Matters weren't helped by the fact that credible proof of the allegations was never presented. It is alleged that the two were tortured while in detention. Ssegirinya, in particular, seemed to have had the worst of it.

His application for bail to seek emergency medical treatment was denied by Justice Lawrence Tweyanze of the Masaka High Court. After spending over 500 days in detention, they were granted bail in February 2023.

Ssegirinya subsequently travelled to the Netherlands to receive specialised treatment for his torture wounds and was in and out of hospitals in Nairobi and Kampala. However, the damage had been done. He didn’t live to see the second anniversary of his bail. It was truly remarkable to see the long queue of people on the road headed to Ssegirinya’s funeral.

His death struck a nerve. The timing of his passing is extremely problematic for the NRM and President Yoweri Museveni from a legacy point of view. It has happened in the 39th year of Museveni's and NRM’s rule. While the NRM can reinvent itself as a democratic and 21st-century party and rule Uganda for a long time, for Museveni, who is turning 81, the most optimistic outlook is that he will be president for another 10 years.

The stories that his rule will be remembered for are those that happened later in his incumbency and will be fresher in the public mind, and those from the past which are accessible and have been more dramatically narrated. We will illustrate. Hussein Musa Njuki, one of the founders of The Shariat newspaper, and also editor of the Islamic opposition paper Assalaam, died in police custody on August 28,1995.

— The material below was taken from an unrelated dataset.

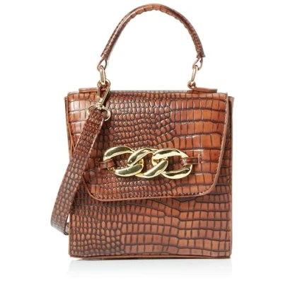 Elegant handbag Made of faux leather with crocodile emboss Shiny gold chain on the flap Short handle Long adjustable shoulder strap

While Ugandan state media played down the role of the state in Njuki’s death, that side of the story has been buried by the many accounts, especially from human rights and press freedom groups, laying the blame at its doorstep.

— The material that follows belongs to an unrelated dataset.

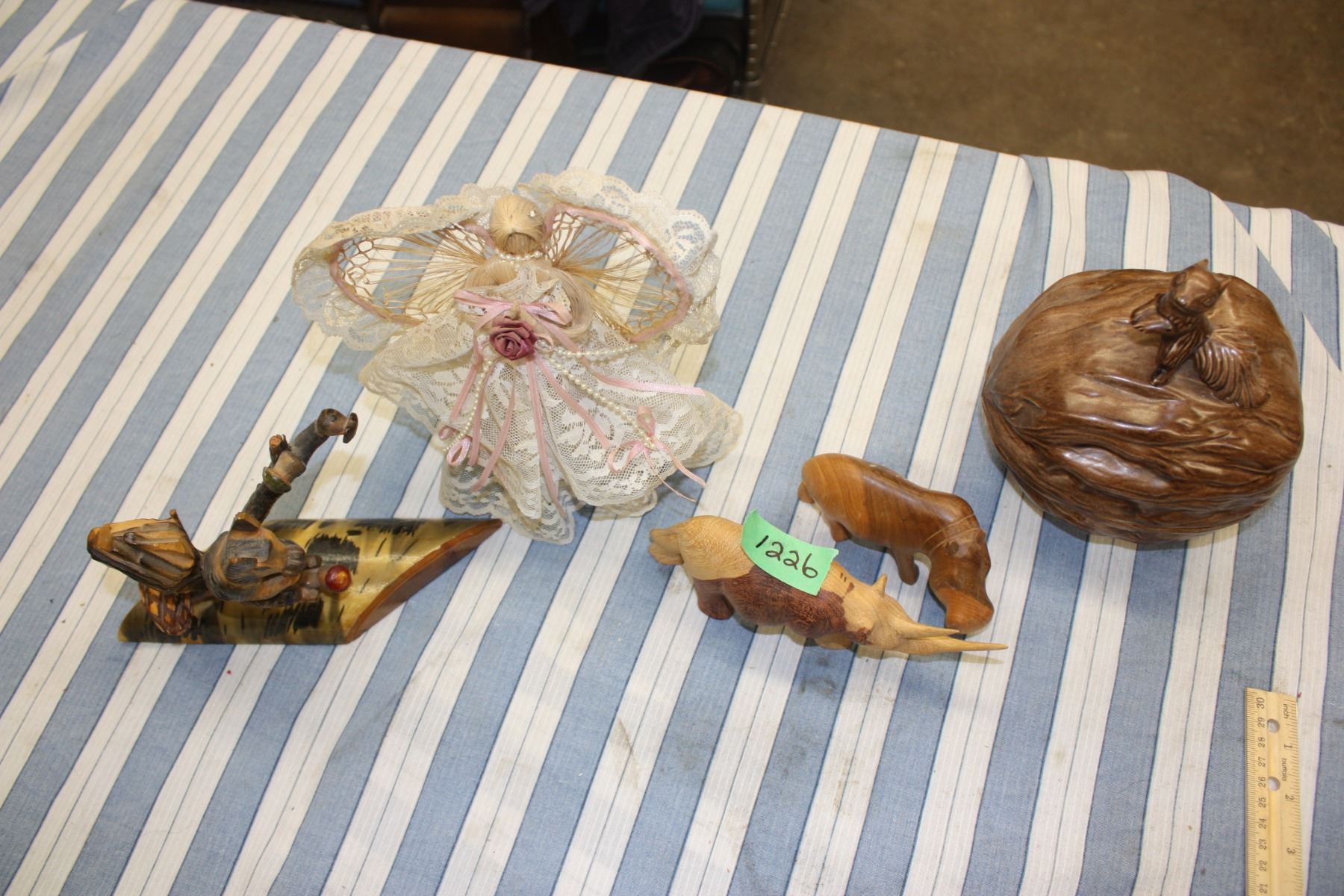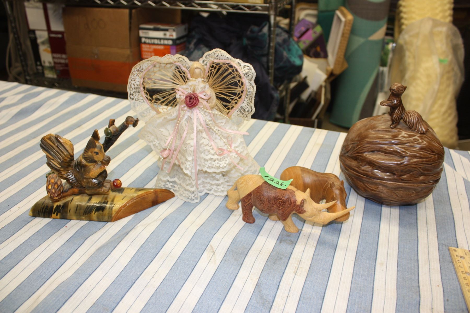 Ceramic Squirrel Container, 3 Wooden Display Pieces and Angel

Here is an account, the first that pops up in online searches, from the Committee to Protect Journalists: “Njuki, editor of the opposition weekly newsletter Assalaam, died in police custody in a hospital. He had been arrested three days earlier and was immediately taken to the Criminal Investigations Division. While CPJ received several different reports regarding his arrest and death, it is certain that he was taken into custody by a group of plain-clothes officers from the Anti-Robbery Squad, an extension of the government’s Internal Security Organisation (ISO).

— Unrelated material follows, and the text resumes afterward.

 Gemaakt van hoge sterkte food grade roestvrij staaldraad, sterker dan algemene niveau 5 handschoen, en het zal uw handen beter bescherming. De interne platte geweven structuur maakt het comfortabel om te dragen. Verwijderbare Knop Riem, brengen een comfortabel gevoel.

"One source claimed that Njuki had been suffering from a debilitating illness, the effects of which were fatally exacerbated by the shock of the ISO squad’s ambush. Another source reported that Njuki was in perfect health before the arrest and was beaten to death by ISO agents. Yet another report contended that he collapsed during an attempt to escape and died in the hospital of a heart attack. A police guard remained in Njuki’s hospital room throughout his stay.”

This is the dominant narrative about virtually all deaths of journalists, activists, and politicians in Uganda over the last 39 years who were critics of the NRM government and President Museveni and are alleged or rumoured to have been done in by the state.

The government's side of the story has become invisible in online databases, partly be- cause the international rights groups who record the alleged atrocities have a far bigger reach and better projection, including that old-fashioned trick called search engine optimisation (SEO), the process of perfecting a website or web content to improve its visibility, ranking, and organic (non-paid) traffic from search engines like Google.

A researcher on Museveni’s rule in 10 years will face a reference landscape that is very bleak for the president. Partly because of this, a leader must govern differently in his sunset years. This is when they lock up the dogs. Two of our neighbours did it. In Tanzania, after 22 years, Julius Nyerere liberalised.

In Kenya, after 24 years, Daniel arap Moi took the boot off the opposition’s neck and unleashed a slew of reforms – and stepped down. A clever ruler leaves a sweet taste in the mouths of the people who will witness his/ her end. The time for abducting Kizza Besigye from Nairobi and trying him in a military court was 2000, not 2024/2025.